*Exercise prompt*:
Your copy of the data should match it exactly, leaving out only the pictures.

BEGIN Collected material

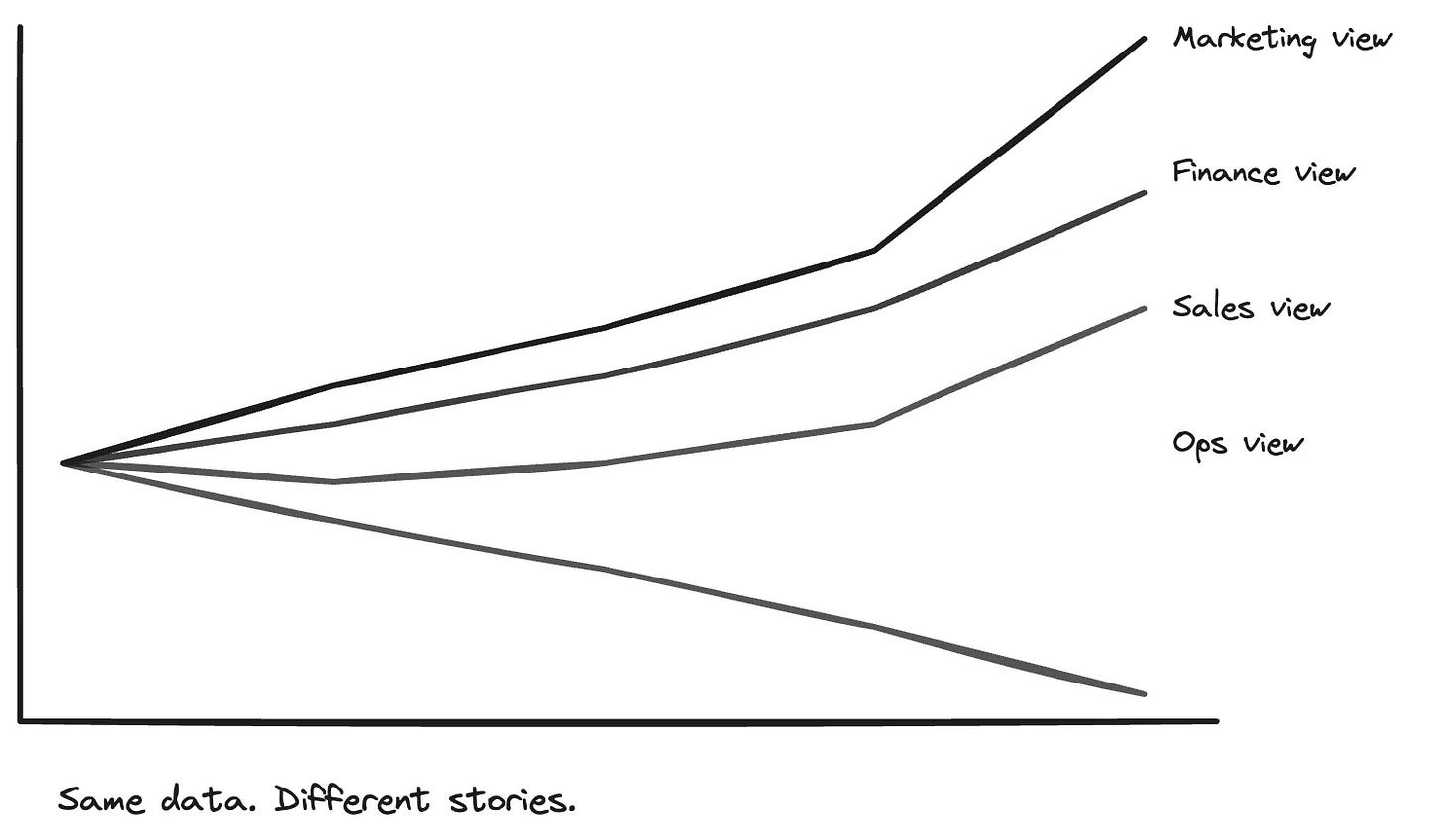 Insight multiplies interpretations. The same dataset produces different stories depending on who is looking, what they own, and what they are incentivized to protect.
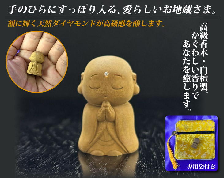 心に平穏をもたらす、手のひらサイズの愛らしい白檀製のお地蔵様。霊徳宿る高級香木である白檀を使い、日本の人間国宝にあたる、中国工芸美術大師・葉小鵬が製作。額に天然ダイヤモンドを配し、価値ある作品に仕上げました。いつも身に漬けてお地蔵様の功徳を身近に感じていただけます。高貴な香りであなたを癒す白檀製。お出掛けの際は専用袋に入れてお持ちください。
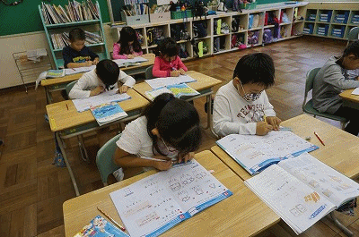 算数の授業(1年生) 公開日 2018/11/09 更新日 2018/11/09 1年生の部屋 点をつないでいろいろな形を作る学習をしています。お手本で示された、お家やヨットの形を、お手本通りに描いていきます。

END Collected material

*Completed exercise*:
 Insight multiplies interpretations. The same dataset produces different stories depending on who is looking, what they own, and what they are incentivized to protect.
 心に平穏をもたらす、手のひらサイズの愛らしい白檀製のお地蔵様。霊徳宿る高級香木である白檀を使い、日本の人間国宝にあたる、中国工芸美術大師・葉小鵬が製作。額に天然ダイヤモンドを配し、価値ある作品に仕上げました。いつも身に漬けてお地蔵様の功徳を身近に感じていただけます。高貴な香りであなたを癒す白檀製。お出掛けの際は専用袋に入れてお持ちください。
 算数の授業(1年生) 公開日 2018/11/09 更新日 2018/11/09 1年生の部屋 点をつないでいろいろな形を作る学習をしています。お手本で示された、お家やヨットの形を、お手本通りに描いていきます。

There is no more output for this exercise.